中午在单位,盛完饭菜,端餐盘坐到餐厅的一个角落,我打开手机东翻西看。开了一上午碰头会,脑子沉甸甸得像装了浆糊,看会儿手机可以缓解、放松一下。一边吃饭一边扒拉手机是我不知不觉养成的习惯,我知道这习惯不算好,但没想改正,心里叮嘱自己跟别人一桌吃饭时不摆弄就好。我只在自己单独吃饭时翻看手机,那是属于紧张工作之余难得的放松时刻,看一看亲戚、朋友们在干什么,生活的范围仿佛因此扩大一些。朋友们的新动态不多,工作的人上午普遍忙碌吧。翻到“海阔天空”的那条动态,我哑然失笑,马上想到应该回复点什么。“海阔天空”是我大学室友曲梦桃,这家伙是个散仙儿,头些年国有银行系统有个职工内退潮,她五十岁选择内退回家。人到中年后,她爱上旅游,离开工作岗位以后更是满世界转悠,据她自己说光护照就已经换了两本。最近这两年,疫情的缘故,出国不方便,在国内她也闲不住,跟驴友一起专往人烟稀少的地方跑,曾约我跟她一起二进西藏,说高原上人烟稀少、空气纯净,疫情风险比较小。我真动心了,但确实抽不出合适时间,毕竟我还要上班、谋生,不像她有可以倚靠的高薪老公。后来她联系上几个一起去过新疆漫游的驴友,看她发的朋友圈,他们找了西藏当地导游,去的都是上次我们同学结伴旅游时没来得及走的地方。他们跑到珠峰大本营那边,海拔更高,风景更野,也更有挑战性。我关心她高原反应如何,她说还好,比上次适应些。同学一起去的那次,她高原反应严重,吸过几次氧,过米拉山口那会儿嘴唇紫得吓人,让大家替她担心。高原反应那么重,她还张罗二进西藏,我真没想到。当然,西藏确实有一种吸引人的独特魅力让人去了还想再去,在高原的大山大水面前,身在其中的我,不能不感觉个体的人格外渺小,心绪因眼前的大山大水而放空,平凡生活中种种曲折、不如意,变得格外轻飘、不值一提。但我去过一次不敢再次踏上那片高原,毕竟缺氧、头疼的体验不好受。梦桃敢于二进西藏,着实让我佩服。她很勇敢。

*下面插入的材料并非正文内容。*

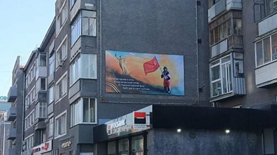 В Новосибирске на фасаде одного из домов на Красном проспекте появился баннер с изображением украинской бабушки с красным знаменем Победы. Банер сделала новосибирская художница Анастасия Хнюнина.
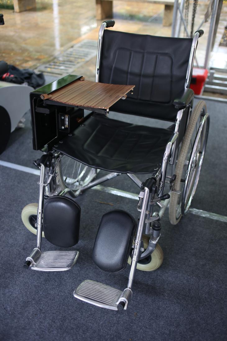 LAAZUS es un accesorio que se puede unir a cualquier silla de ruedas. Se basa en una mesa plegable de madera que se saca de uno de los apoya brazos hecho de acrílico, para facilitar el apoyo de elementos como cuaderno o computador.

当初我们同学时,绝对想不到她会变得现在这么勇敢、这么喜欢到处跑动。读书那会儿她是个慵懒的“小迷糊”,喜欢睡懒觉,上课偶尔迟到,有时是自己睡过了头,有时竟然是忘记这个早晨有课。那时我们这帮十八九岁的小丫头还不知道有“美容觉”一说,很多年之后才反应过来,曲梦桃年轻那会儿的粉面桃腮,不仅仅是年轻、天生丽质,不仅仅是她不喜欢晒太阳、夏天出门打遮阳伞,还因为她不熬夜、觉睡得充足。得到“小迷糊”这个绰号,除了她去上课时就算不迟到也经常一副没睡醒的样子,还因为她性格有点大大咧咧的。我清楚记得让室友哭笑不得的一次,期末考试她没在卷纸上写名字,任课老师给她记了零分。在她哭诉之后,经过核对笔迹,老师网开一面给及格,但及格这种分数太低,我相信她分数应该远不止于此。作为年长她两岁的大姐,我曾替她犯愁:这种迷糊性格,将来怎么从事跟财务有关的工作?考试分数可以少,将来工作、当会计,算错任何一分、一角都不合适,对吧?我那时候当然想不到,她这种迷迷糊糊的性格,恰恰可能是她未来老公看上她的理由之一。曲梦桃年纪在我们宿舍是最小的,却是第一个有稳定男朋友的。我们在宿舍里夜谈时,曾有室友开玩笑地试探她:“说说老钱看上你什么了?”而曲梦桃竟然回说:“钱某人说我迷迷糊糊没心眼儿……”哈哈哈哈,竟然有男人喜欢迷迷糊糊没有心眼儿的女朋友!那个看上去其貌不扬的钱某人来过我们宿舍几次,他长相一般,个子也不算高,但双目炯炯有神,看上去很精明的样子。没准儿他是真话真说,假做真时真亦假,忽悠得我们这个单纯的小迷糊不知道真假了,恋爱中的女人要交智商税,将来他们真结婚,曲梦桃家庭地位堪忧,可别让老钱骗了!但后来的事实证明,这个老钱还真是个说话算数、能办事的靠谱男人,他不但在曲梦桃毕业后马上娶她回家,据说曲梦桃能进入银行工作也跟他有关系。多数人面对毕业分配一片迷茫、不知何去何从时,成绩一般的曲梦桃已经稳妥地拿到去大银行工作的入职名额。我们毕业那会儿,大银行当然是好去处,金饭碗,旱涝保收,多少人羡慕。我们那时候不可能预测到,多年以后,国有银行要精减员工,老员工可以选择内退提前回家,而新的股份制银行的收入已经远远高于那些国有老字号。好在内退回家并不影响曲梦桃的生活,她家老钱还是在职高管,收入足以支撑他们的富裕生活。

让我哑然失笑、忍不住要回复点什么的那条动态,是曲梦桃在朋友圈晒的两张照片和留言:请教高人,怎样才能步数不变?两张照片,一张是一大杯咖啡,另外一张是走路步数截图。6666这个数字确实吉祥,半天时间能走这些,不算少,不知道这是她早晨去北陵公园跑步还是上午逛街的成果。看咖啡杯子那张照片的背景,她像是在外面的咖啡馆里。这散仙儿的生活一如既往地潇洒啊。我看到已经有人给她留言、出主意,有的说可以把走路计数软件卸载;有的说再买点坚果或点心配咖啡继续慢慢享用吧;还有的说今天不再看走路步数……而我则手欠地给她留了一句:关机。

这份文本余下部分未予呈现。